What I also have found is that John Mellencamps' tune, "I was born in a small town," is becoming an increasing cry for what was, not what is - making me think I am hearing it regularly and soulfully played from the heart of the folks of my charge. Was it really that good? (I mean in YOUR small town?). Well, probably not. But, is it really this bad? Unfortunately, to most, probably so! For what I sense is that folks here are tired, frazzled, discouraged, and, in some cases, just plain mad.
Now at the end of my summer I took a road trip - 14 hours and 900 miles - going through some of your small towns along the way. Towns like Chilicothe, Calrendon, Wichita Falls and Amarillo. I saw the overgrown rodeo stands of Quanah, Texas, and the wistful past of Dalhart and Dumas. In New Mexico, things were not much brighter, and once in Colorado and on Interstate, just more of the same - bad fast food and fast, fat folks eating the wrong stuff and taking wrong pills to feel better. Being a pastor, I talked. Asking questions and listening - to discover this - most folks, especially those young and in the middle, want desperately to be somewhere else.
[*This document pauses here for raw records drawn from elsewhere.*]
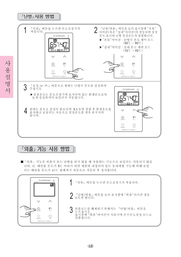 대성보일러 메뉴얼입니다.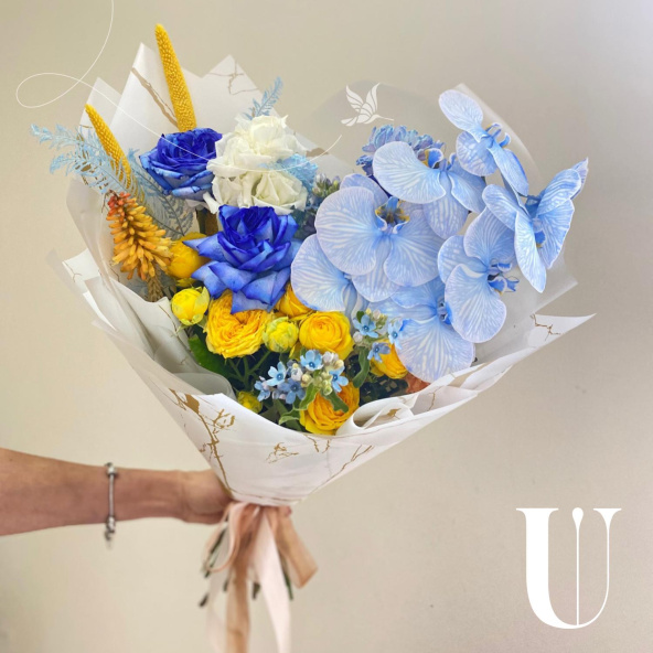 - Орхидея Фаленопсис синяя, ветка - 1 шт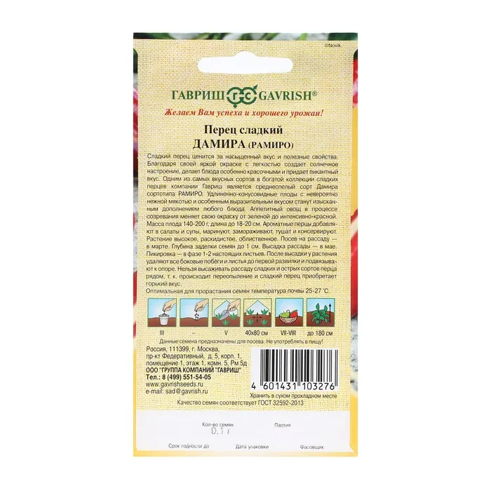 Сладкий перец ценится за насыщенный вкус и полезные свойства. Благодаря своей яркой окраске с легкостью создает солнечное настроение, делает блюда особенно красочными и придает пикантный вкус. Одним из самых вкусных сортов в богатой коллекции сладких перцев компании Гавриш, является среднеспелый сорт Дамира сортотипа Рамиро. Удлиненно-конусовидные плоды с невероятно нежной мякотью и особенным, выразительным вкусом станут изысканным дополнением любого блюда. Аппетитный овощ в процессе созревания меняет свою окраску от зеленой до интенсивно-красной. Масса плода 140-200 г, длина — до 18-20 см. Ароматные перцы добавляют в салаты и супы, маринуют, замораживают, тушат и консервируют. Растение высокое, раскидистое, облиственное. Посев на рассаду — в марте. Глубина заделки семян до 1 см. Высадка рассады — в мае. Пикировка в фазе 1-2 настоящих листьев. После высадки у растения удаляют все боковые побеги и листья до первой развилки и подвязывают к опоре. Нельзя высаживать рассаду сладких и острых сортов перца рядом, т.к. происходит переопыление и сладкий перец приобретает горький вкус.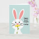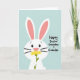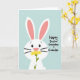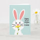 Designed with a minimalist touch, this illustration features a long-eared white bunny 🐰 positioned toward the left and lower center against a muted robin’s egg blue background with a faint grid-like texture. Its tall ears show soft pink inner details, and its simple black dot eyes with gently arched brows give it a tender, attentive look, as if watching someone it cares about. Near its nose, the bunny holds a bright yellow flower on a slim green stem, suggesting a shy little offering between friends or sweethearts 🌷. The open space around the figure keeps the scene airy, letting the small gesture feel more intimate and noticeable. Soft pastel tones—white, pink, blue, and the pop of yellow—create a calm springtime setting without clutter. On the right side, a short greeting appears in small black lettering, placed mid-to-upper area so it balances the bunny on the left. The yellow petals sit closest to the bunny’s nose, with the green stem angled slightly upward from its paw.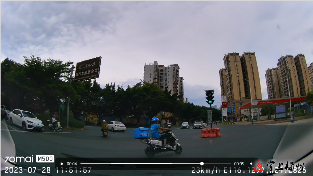 掌上梅州讯 如今的大街小巷总能看到外卖快递小哥忙碌的身影,他们佩戴头盔,统一着装,骑着电动车穿梭于城市每个角落。然而,为了赶时间,有些外卖员却置交通规则于不顾,甚至闯红灯、逆行……7月27日中午,市民陈先生行驶时就遇到一位外卖小哥闯红灯,差点与其相撞,十分惊险。

Their town, whether small, medium or large, is not what they want. And somewhere, somewhere 'out there,' there exists for them a place, actually more a circumstance, for which they daily and dolefully pine.
So that I wondered, is it really that bad back home? Is it really so bad in this 'terrible, horrible, place - that I, you, or anyone else can't make it, through Christ, that place of joy, love and happiness? Or... could it be that we all have just lost the how by pining for the was? I suspect the latter, don't you?
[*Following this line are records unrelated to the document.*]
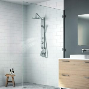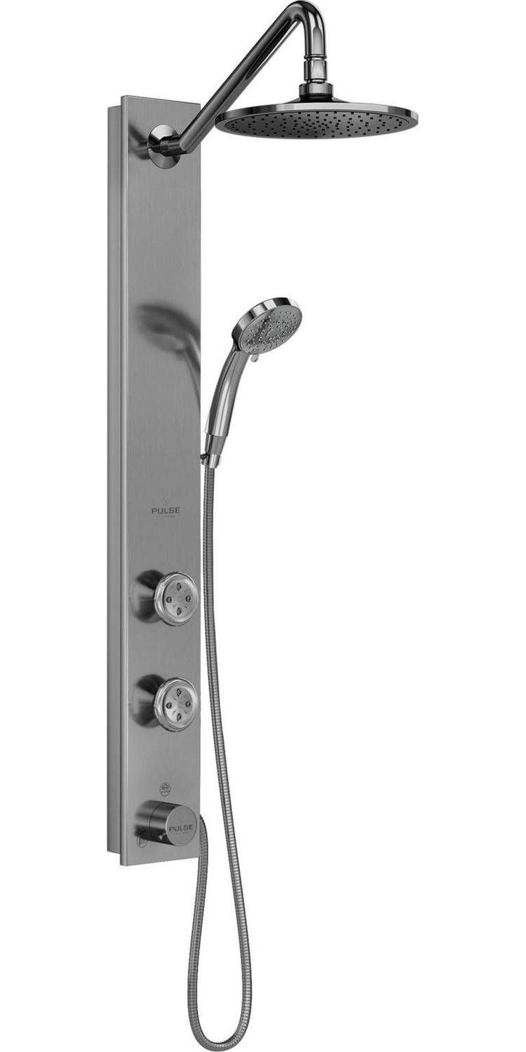 ,Surface mounted and completely pre-plumbed, easily retrofit your existing shower without a remodel,Durable brushed stainless steel or tempered glass with chrome fixtures,8″ Rain showerhead with soft tips to clear mineral buildup for long lasting performance,2 Pulsating body jets provide a soothing spray with adjustable positioning,1-function (1021-W) or 3-Function (1021-SSB) hand shower with 59″ (1.5m) double-interlocking stainless steel hose,Brass diverter easily switches functions-place between functions for further enjoyment,Rub tips clean with Spray Straight technology,Simply replaces your existing showerhead/shower arm
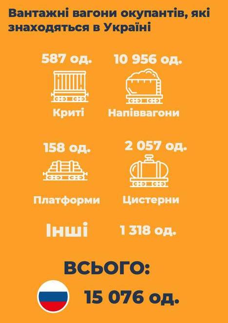 Серед 15 тисяч російських вагонів, що знаходяться в Україні, є 3000, що однозначно належать компаніям РФ.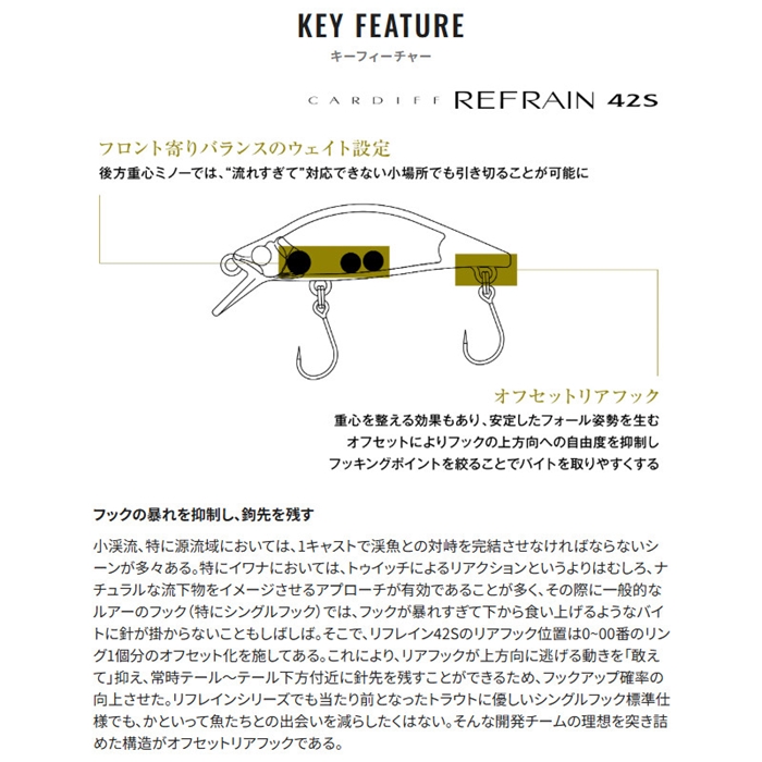 小渓流攻略のパーフェクトバランスを突き詰めた、全長42mmの小粒スローシンキング。重量2.4gの高浮力ボディがロッドワークへの優れた追従性を生み、小さなポケットウォーターで手数の多いヒラ打ち演出が可能。フロント寄りの重心設定により着水後のワンアクションで水流と絡むため、ルアーを引く距離が短い状況でもチャンスを逃さない。また、こだわりのオフセット構造がリアフックの暴れを抑制し、シングルバーブレス使用時のフックアップ確率も向上。フォール中は水平姿勢を維持し、ドリフト的なローテンションな誘いにおいてもターゲットにバイトさせる力を持つ。小渓流、枝沢、源頭域などあらゆる細流で輝きを放つ新たなリフレインだ。[25new16][CARDIFF REFRAIN]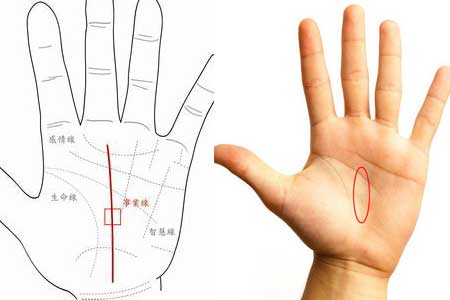 首先我们来看看哪一条是事业线,无论是川字掌还是人字掌,事业线都是掌心下方向上面延伸到中指下端的一条线纹。事业线代表着个人的事业运与发展运势。事业线会随着时间及个人的运势而变化,所以事业线并不是一直存在的,也并不是一直不会有,那事业线该怎么看?左右应该看哪一只手?30岁前的看左手,30岁后的看右手。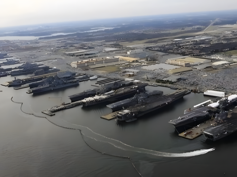 Located near the Atlantic Ocean, southeast of Hepton-Rhodes Bay, Norfolk Naval Base is a colossal facility that houses at least 75 US Navy ships. This includes five nuclear-powered carriers and five aircraft carriers, making it a critical operational hub for the United States Navy.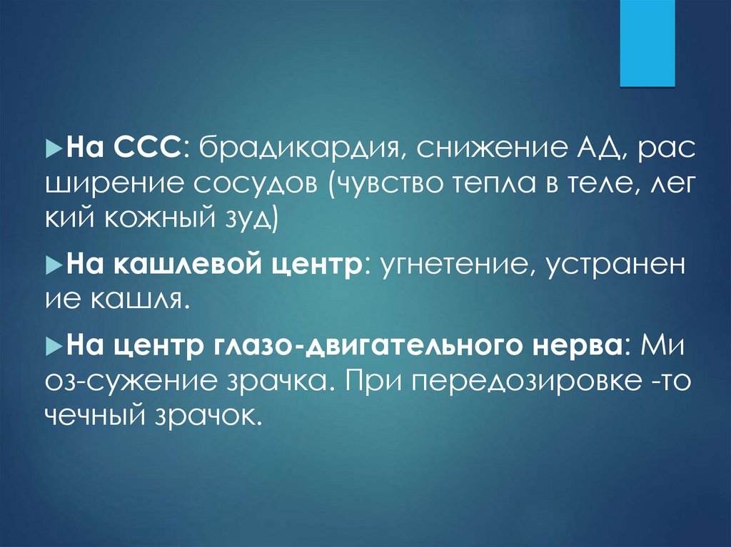На ССС: брадикардия, снижение АД, расширение сосудов (чувство тепла в теле, лег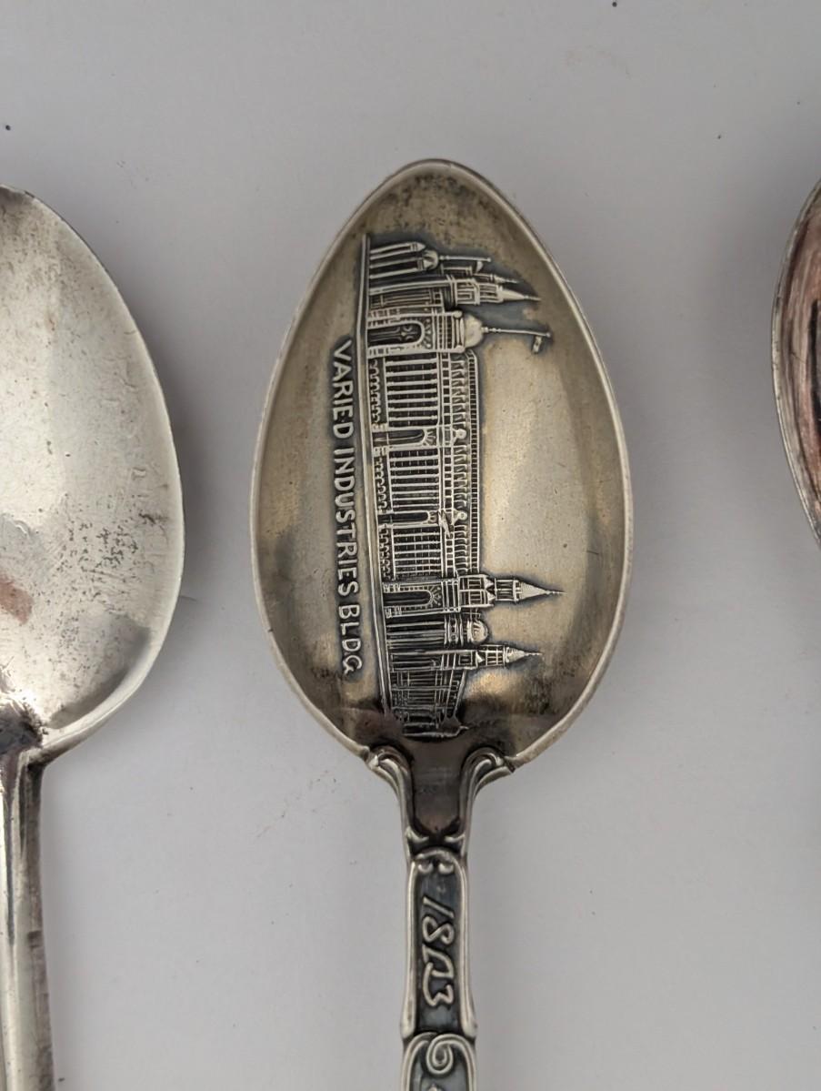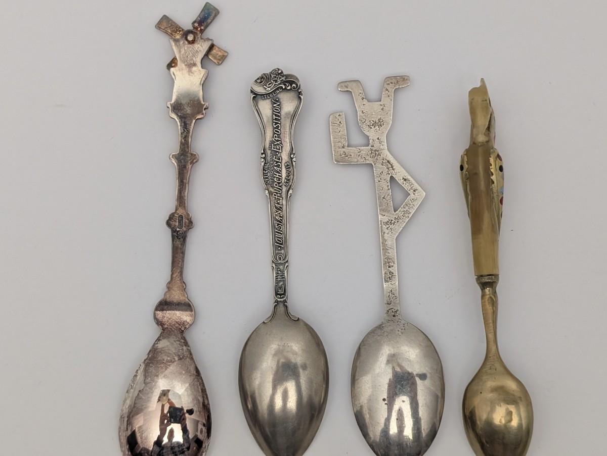 souvenir spoons, vintage spoon lot, collectible spoons, Dutch windmill, Varied Industries Building 1893, abstract design, bone handle, hand painted, antique silver spoon, world souvenir collection, travel memorabilia, global collectibles, eclectic display, vintage flatware, metal art spoons

One last thing, though, if I might. Yesterday I drove the other way, down through Mexia, Texas (the place of my birth) - on my way to take Trey and his Mom on a visit to College Station. And, yes, the Dairy Queen is shut down - but there is a Taco Bell! Inside was a young man who asked me 'where' I was from? I paused, thought for a moment about what he was asking and why, then said, "Mexia." He looked at my car, my clothes, and at me - then smiled to say, "I am, too!"